Later in the day, the wind settles.  The boys join me in the cockpit and Megan comes up from below with a nice surprise – bowls of rice and fresh tuna for dinner!  Things are looking up. 

By 10PM we’re just drifting along barely making any headway.  I call John on the radio.  “John, the way I see it we have 2 options: we can drift along all night and barely make it to Provo in the morning or we can turn on the motors and go for South Caicos by early afternoon.  Worst case we motor all the way but maybe the wind will return and we’ll be in good shape to push on to Luperon the following day.”  John is a sailor first and cruiser second.  I’m a cruiser first and sailor second.  In other words, John hates to turn on the engine whereas I see it as just another sail in the sailbag.  “Let me discuss it with the crew,” comes his reply.  His crew must be cruisers too. A few minutes later, motors are on and we’re going for South Caicos.  This decision was made while Grace’s crew was asleep and I didn’t confer with Megan.  When she comes up to relieve me, she’s not thrilled that we won’t make landfall until afternoon.  I show her the guidebook which indicates South Caicos is a place you can fly out of and that it is a place you can find crew for hire.  I really hope it doesn’t come to that.  As if things aren’t bad enough, Megan goes below to make coffee before I go off watch.  The propane alarm goes off.  We shut the stove off and I try again and again  Alarm goes off again and again.  I fear that during all the pounding the propane line has been punctured.  So until I can troubleshoot this – NO STOVE.  And that means NO COFFEE.  This is a crisis!

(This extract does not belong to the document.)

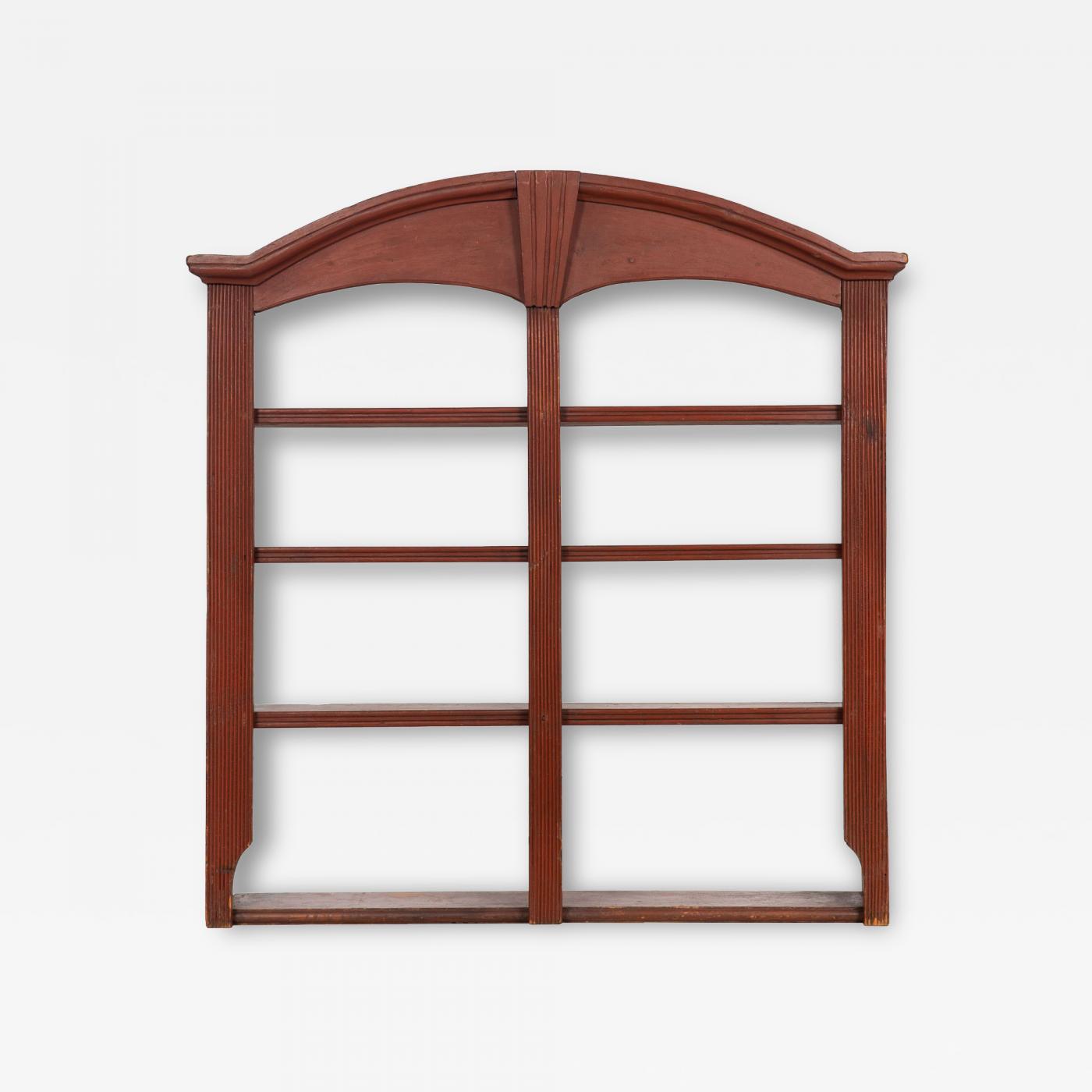 A compelling and most useful open bookcase, the simple and austere form features an arched and molded cornice around a central tapered-and-fluted wedge over four graduated shelves that are dovetailed into the stiles, the shelf edges decorated with reeding and wonderful tight reeding along the length of the pilasters. The wall shelf retains a fine early and perhaps original red painted surface.

Before dawn I wake to the sound of the sheets in the winches.  I go up on deck and Megan is smiling with the engine off and the wind blowing nicely.  This is a good sign.  We enjoy a nice day of sailing and make landfall in the early afternoon in South Caicos.  We rally to go get checked in at customs, get fuel for the boat and to go to the store to get food that doesn’t require cooking.  The food options are nasty.  Imagine going into a 7-11 store that hasn’t had its stock changed in say 4 years.  Then try to select a meal that won’t require cooking.  We end up with spaghettios and some other nastiness which would run about $7 in the U.S.  Here it only costs $35.00! 

We also find an internet café where we can send an email to our insurance company to let them know we’ll need coverage for the D.R.  Yes, Megan is feeling a little better about our adventure and agrees we should make the next leg to Luperon.

We get a nights sleep fighting killer mosquitos so its not necessarily a good nights sleep but we wake ready to make preparations to continue on.  I go up the mast to fix a nagging problem of the spinnaker halyard interfering with the roller furler.  With that repaired I descend to do some trouble shooting on the propane stove.  I can’t find any problems.  No leaks.  Then a moment of epiphany… and embarrassment.  I look at the second burner – the one I wasn’t trying to light.  It’s on.  The “problem” was that propane was coming out of the other burner.  Turn it off and problem is solved.  Idiot!  At least we have coffee again!

By noon Alouette and Grace are underway again.  Winds are light but the seas are calm.  It’s a good day and a good night too.  We sail most of the way and are on track to arrive in Luperon at daybreak.  And what an amazing place to arrive!  We first smelled the earthy scents of the Dominican mountains from 15 miles offshore.  As we close in on Luperon the radio comes alive with voices from boats that have come from other routes.  We hear Joe on Seneca! (he has been pure sailing single-handed for days up on days)  And Cadana.  And Meggie, too!  As the day breaks we watch the lush green mountains appear out of the mist and entered the very protected mangrove harbor of Luperon

The crew is absolutely giddy!  We are all thrilled that we pressed on.  Arriving in Luperon made us feel like we had reached another level of cruising and that all doors were now open to us.  Wow!

After we get the hook down we greet the triumphant Meggie! Meggie is a 30 foot, all teak wooden boat that Mike and Kylie rebuilt themselves. Because she is small she only makes about 4.5 knots, doesn't carry much fuel and can be a wet ride. This is a real accomplishment and it is great to witness!